Walt Disney last year awarded Bob Iger a $10 million deal to advise his successor, Bob Chapek, even though the two media company executives were hardly on terms.
Iger, who ran Disney for 15 years, shook up Hollywood by returning to the company this week as CEO after his chosen heir was Chapek. He was overthrown in an internal revolution.
Iger’s reappointment ended an 11-month stint outside of Disney in which the former CEO pursued other interests but remained loosely associated with his old employer through a “consulting services” agreement.
Under terms disclosed in Disney filings, Iger was given $2 million annually through the end of 2026 for advice “on such matters as his successor as CEO may from time to time request.”

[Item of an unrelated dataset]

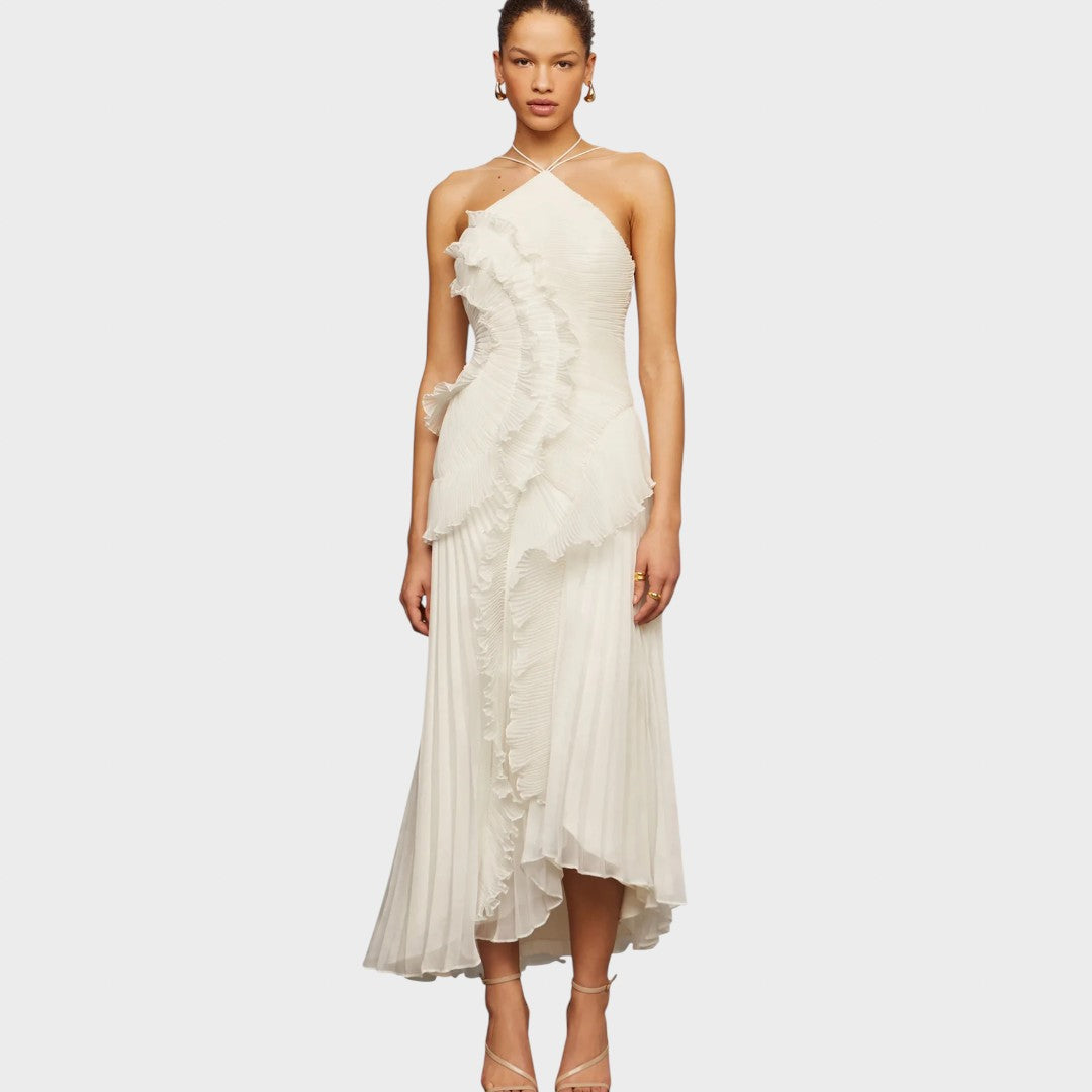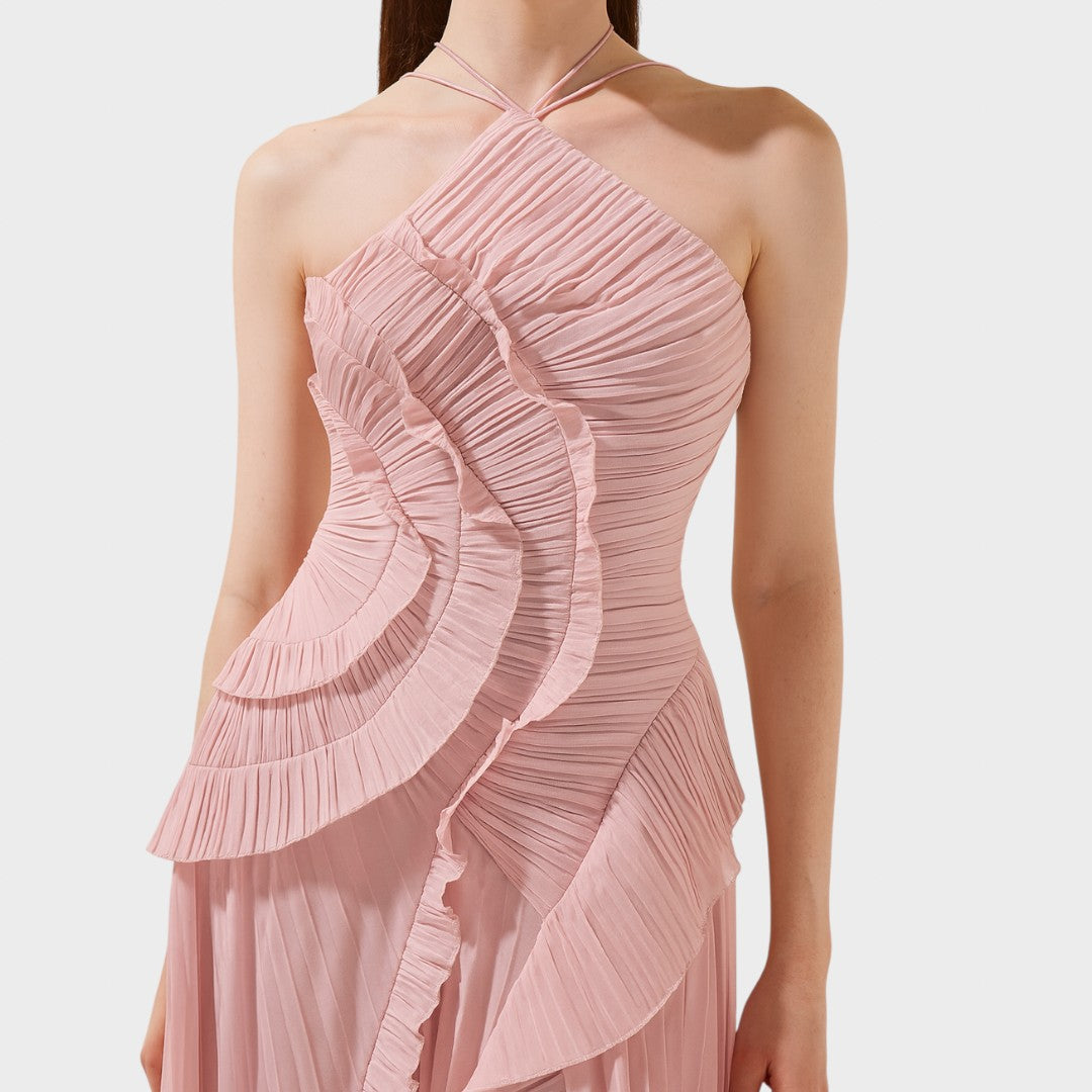 Rochia cu volane oferă un aspect jucăuș și lejer, care captivează din prima clipă. A fost creată pentru momentele în care doriți să arătați delicat, elegant și atrăgător fără efort.

Disney said the five-year consulting services deal will give the company “access to Mr. Iger’s unique skills, knowledge and experience with the media and entertainment business.”
But by the time of his departure, Eiger’s relationship with Šape had deteriorated badly, and Eiger expressed his frustration to his friends that his successor had not sought his advice at crucial moments.
This involved Disney’s failed response to a Florida law regulating what teachers can say about LGBT+ issues, said a former Disney executive with Iger.
They said, “Egger never forgave Šapek for the way Šapek distanced himself and took control of the company.” “In some ways, Egger thought he would still be the coach. Tchepek was not willing.”
Disney declined to comment on the services Iger rendered after he left the company.
While seven-figure advisory deals for former CEOs are rare in Europe, some US firms use such arrangements. Disney also agreed to continue paying Iger’s security costs as a former employee, which totaled about $750,000 a year.
Disney didn’t say if Iger’s $2 million required minimal consulting advice, but the contract includes monthly and annual “maximum time commitments” of indefinite duration.
Iger’s return to Disney as CEO was on a reduced salary package, which includes a $1 million base salary, $1 million target bonus, and $25 million in stock awards. This compares to an average salary of about $47 million over the past five years as CEO.
“He basically took a 40 per cent pay cut … he has to love the job, love the company or see a lot of upside in it,” said Tom Gosling, an executive fellow at London Business School who founded the executive wages practice at PricewaterhouseCoopers. Share price. Maybe all three.”
Disney, in corporate papers announcing the management change, said Iger’s consulting arrangements would be paused while he served as CEO and resume when he left the company.